The Influence of CPP-ACPF Paste on Buccal White Spot Caries Lesions and Plaque Composition After Orthodontic Treatment: Three-Month Results

  • Drs M Beerens, Academic Centre for Dentistry (ACTA), The Netherlands
  • Dr Ir M Veen van der, Academic Centre for Dentistry (ACTA), The Netherlands
  • Prof H Beek van, Academic Centre for Dentistry (ACTA), The Netherlands
  • Prof J Cate ten, Academic Centre for Dentistry (ACTA), The Netherlands

Introduction: A randomized clinical trial was run testing Casein-Phosphopeptide Amorphous-Calcium-Phosphate Fluoride paste (CPP-ACPF) in orthodontic patients with multiple white spot lesions (WSL) supplementary to normal oral hygiene.
Aim: Evaluate the effect of CPP-ACPF on white spot lesions after fixed-appliance treatment and plaque composition during a three month period.
Materials and Methods: Caries and plaque composition were determined in 34 adolescent orthodontic patients at debonding. Patients with WSL were given CPP-ACPF (10) or placebo (10) to use once-a-day. Caries (integrated fluorescence loss (IFL)) was determined by quantitative light-induced fluorescence (QLF). Bacterial counts were enumerated (anaerobic, 37°C, 72 hrs) on blood agar (total counts), BHI (pH 5, aciduric bacteria), TYCSB (S. mutans) and Rogossa (lactobacilli).

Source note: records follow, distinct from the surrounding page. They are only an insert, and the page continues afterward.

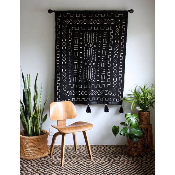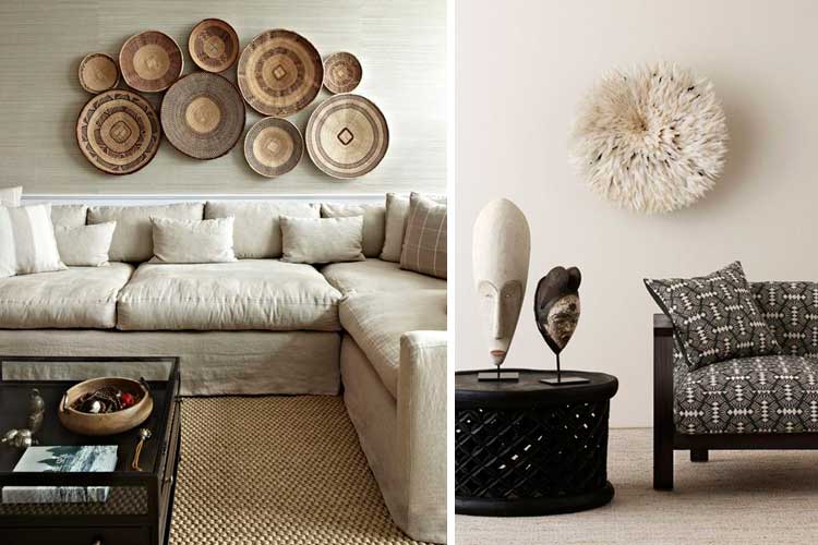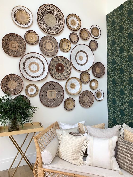 Uno de los elementos decorativos para la decoración de paredes en estilo étnico es el plato artesanal. Pueden ser pintados (normalmente en no más de dos tonos y con motivos geométricos) o bien de mimbre.
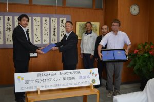 9月30日 富士宮市教育委員会に対して、夏休み自由研究作品展 富士宮LC奨励賞
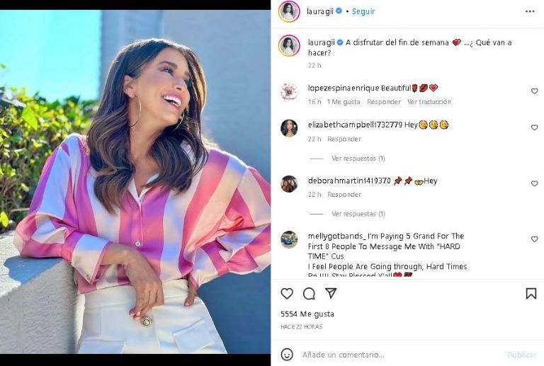 A través de una instantánea desde sus redes sociales, la estrella de la pantalla chica y aclamada exestrella de Televisa posó con un coqueto pantalón blanco y blusas de rayas rosas con blanco que, en gran medida, enalteció su belleza natural frente a los reflectores mexicanos, por lo que sus fans no han dejado de elogiarla y escribirle mensajes de cariño por su gran sentido de la moda, entre ellos destacan: "Guapa", "Hermosa", "Linda", Qué preciosa", entre otros.
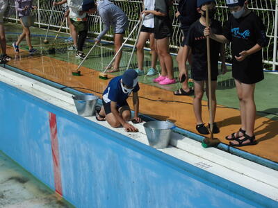 ( ↓ 5年生がプールの壁面や、プールサイドをきれいに磨いてくれています。)
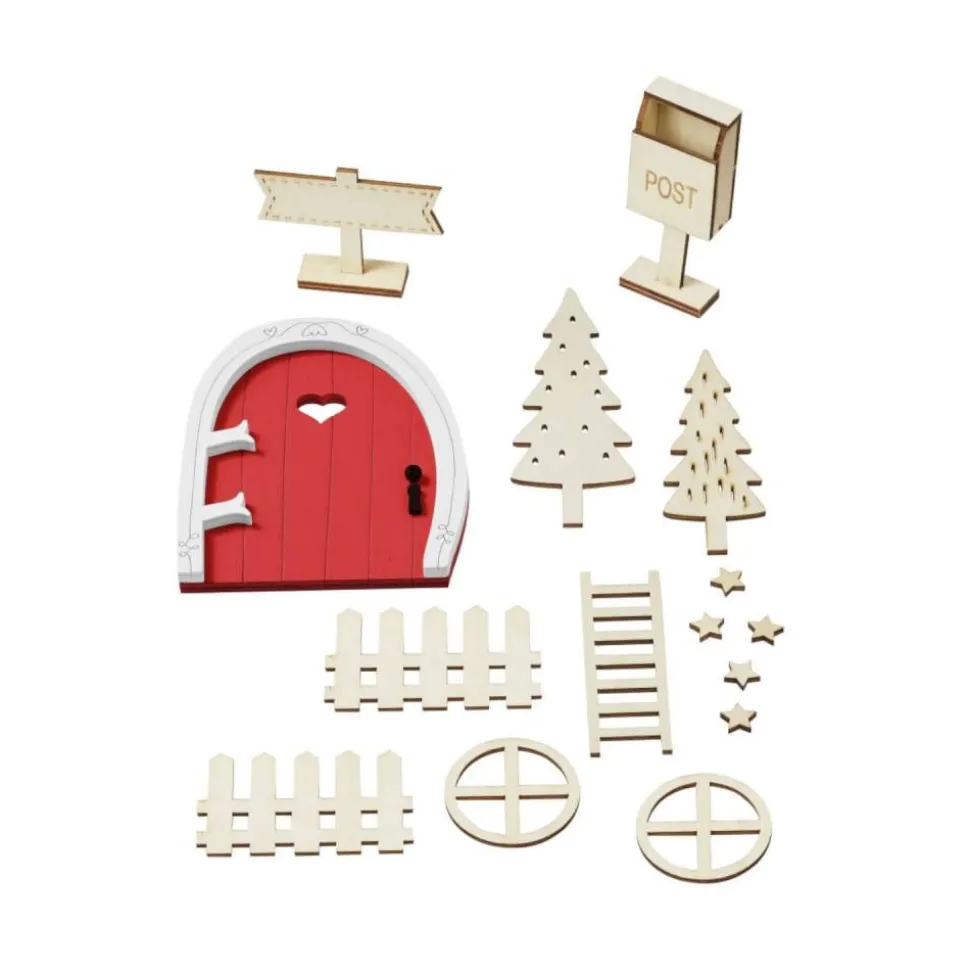 Dieses 11-teilige Wichtelset bringt alles mit, was du für eine zauberhafte Miniatur-Szene brauchst. Die rote Holztür mit weißem Rand und dem süßen Herzfenster bildet den Mittelpunkt – rundherum warten naturbelassene Holzelemente darauf, kreativ gestaltet und in eine magische Wintergeschichte verwandelt zu werden.
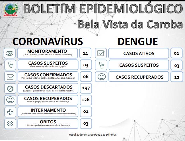 Boletins COVID-19 - Boletins 25 Março 2021 Acessos: 959 Boletim Epidemiológico Coronavírus e Dengue 25/03/2021
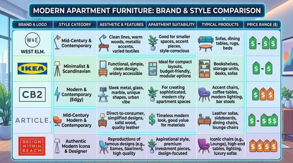 | IKEA | $ – $$ | Small Apartments | Modern Minimalist |

Results: The number of lesions was comparable: CPP-ACPF 86; placebo 97. CPP-ACPF group showed tendency towards remineralization (-41%.mm2), while placebo-group seemed stable (-2%.mm2) but no difference between groups (p=0.063). Total counts for all groups and times were 5.107CFU. Aciduric bacteria and S. mutans comprised 46% and 11.5% of plaque in the caries-groups compared to 26% and 3.2% in the caries-free group (p<0.05). After 3 months aciduric bacteria and S. mutans in the CPP-ACPF-group reduced significantly to 25.6% and 3.8% (p<0.05) but were stable for the placebo-group.
Conclusion: CPP-ACPF tributes to a healthier plaque composition, although lesion reduction in this study was not yet significant,. Thus data suggest that CPP-ACPF paste may aid lesion reduction. A longer follow-up to investigate the effect of CPP-ACPF on lesion reduction is indicated.